Walt Disney (NYSE:DIS) has officially reset its expectations for the near to medium term as it announced the rollout of a direct-to-consumer service for its content. In essence, Disney has issued a profit warning for 2018-2019 in an effort to halt the impact of the unbundling of its networks business, as the core profit engine, the Media Networks segment, again posted very soft quarterly results.
The issue is that pressure on earnings and cash flow uncertainty will increase in the coming years. On the other hand, investors have seen stagnation in shares for 2 years so far, albeit after a great run in the years before. Even if earnings power gets reduced from a current $6 per share towards the $4.50-5.00 per share region, Disney remains very profitable and well capitalized.

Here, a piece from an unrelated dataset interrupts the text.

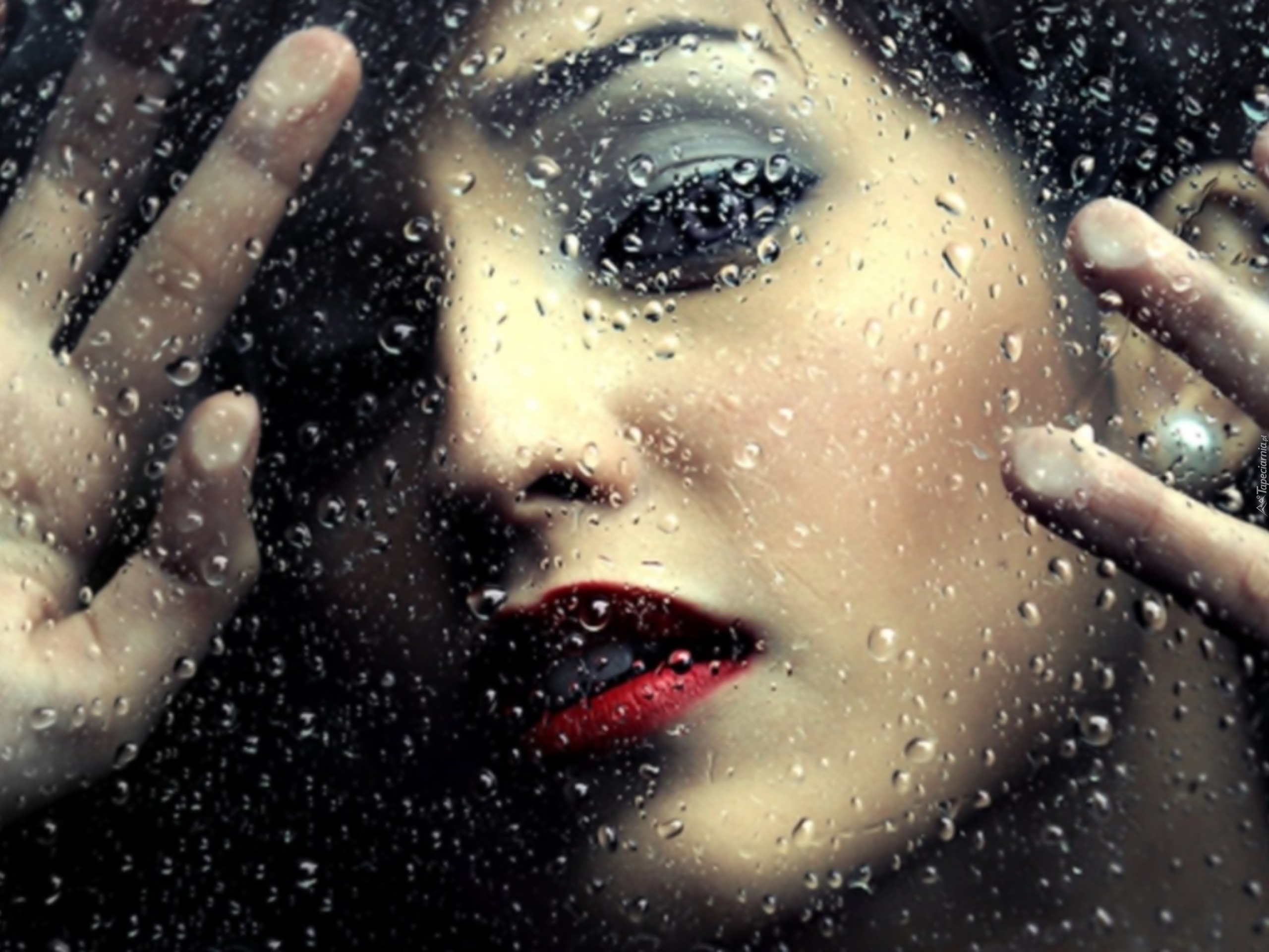 Edytor tapety: Smutna, Kobieta, Makijaż, Szyba, Deszcz

A market valuation multiple, great diversification and stable business should provide support and appeal if shares dip to the $80-90 mark.

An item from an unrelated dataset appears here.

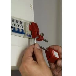 Nylon armĂ©. S’adapte aux disjoncteurs munis d’interrupteur Ă bascule. Verrouillage par cadenas.

Growth Has Come To A Standstill, Margins Under Pressure
Disney has long been a favourite stock among investors in recent years, as they were impressed with the movies of the business, which in their turn were the result of savvy acquisitions. Other key attractions were the strong park results, driven by the anticipation and opening of the park in Shanghai as well as the fact that the operational performance has been good and vast sums of shares have been bought back.

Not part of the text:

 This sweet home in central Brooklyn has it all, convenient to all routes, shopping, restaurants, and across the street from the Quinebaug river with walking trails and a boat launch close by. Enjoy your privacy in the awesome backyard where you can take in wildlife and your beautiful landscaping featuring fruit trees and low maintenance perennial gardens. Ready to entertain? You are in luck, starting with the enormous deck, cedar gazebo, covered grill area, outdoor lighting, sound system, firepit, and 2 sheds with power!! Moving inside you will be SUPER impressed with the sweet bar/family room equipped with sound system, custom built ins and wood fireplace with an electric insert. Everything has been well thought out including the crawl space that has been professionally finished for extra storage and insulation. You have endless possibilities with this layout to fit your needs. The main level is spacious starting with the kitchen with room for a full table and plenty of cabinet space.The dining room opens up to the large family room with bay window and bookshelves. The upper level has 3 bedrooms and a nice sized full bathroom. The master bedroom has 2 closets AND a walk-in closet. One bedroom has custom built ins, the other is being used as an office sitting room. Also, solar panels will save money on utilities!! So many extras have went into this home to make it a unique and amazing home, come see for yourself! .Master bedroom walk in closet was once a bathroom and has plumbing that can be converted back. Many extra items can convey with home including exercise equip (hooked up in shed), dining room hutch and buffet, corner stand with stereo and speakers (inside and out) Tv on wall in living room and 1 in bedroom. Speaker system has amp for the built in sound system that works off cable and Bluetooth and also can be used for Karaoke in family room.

The combination of all of this has perhaps pulled demand for Disney shares forward after they have long traded in a $20-40 range. That changed in 2012 as the stock started to rise in a very steady fashion, only to hit a high of $120 in 2015. While part of this was driven by a strong operating performance, sound deals and share buybacks, valuation multiples have been on the increase as well. At the same time, Disney is facing some emerging challenges, particular in its media business, in which it feels the impact of unbundling and more time being spent on other forms of entertainment.
Additions to the movie business, steady growth in the cable network and growth of the park business allowed Disney to grow sales from $35 billion in 2007 to $55 billion on a trailing basis, for growth of 4-5% per annum on average. This growth has been accompanied by 23% of the shares having been bought back over the same time span, allowing earnings per share to double over this time period, accompanied by modest margin expansion on top of that.
This process is now coming to a standstill, as revenues were flat in Q3 of the current year and are flat so far this year. This is driven by flattish results at the media networks business, double-digit growth at park & resorts, offset by a combined double-digit decline in studio entertainment and the consumer product segment. While the flattish results on the top line are bad enough, earnings are now starting to come under pressure with third-quarter operating earnings being down 10%, marking a clear reversal from past trends.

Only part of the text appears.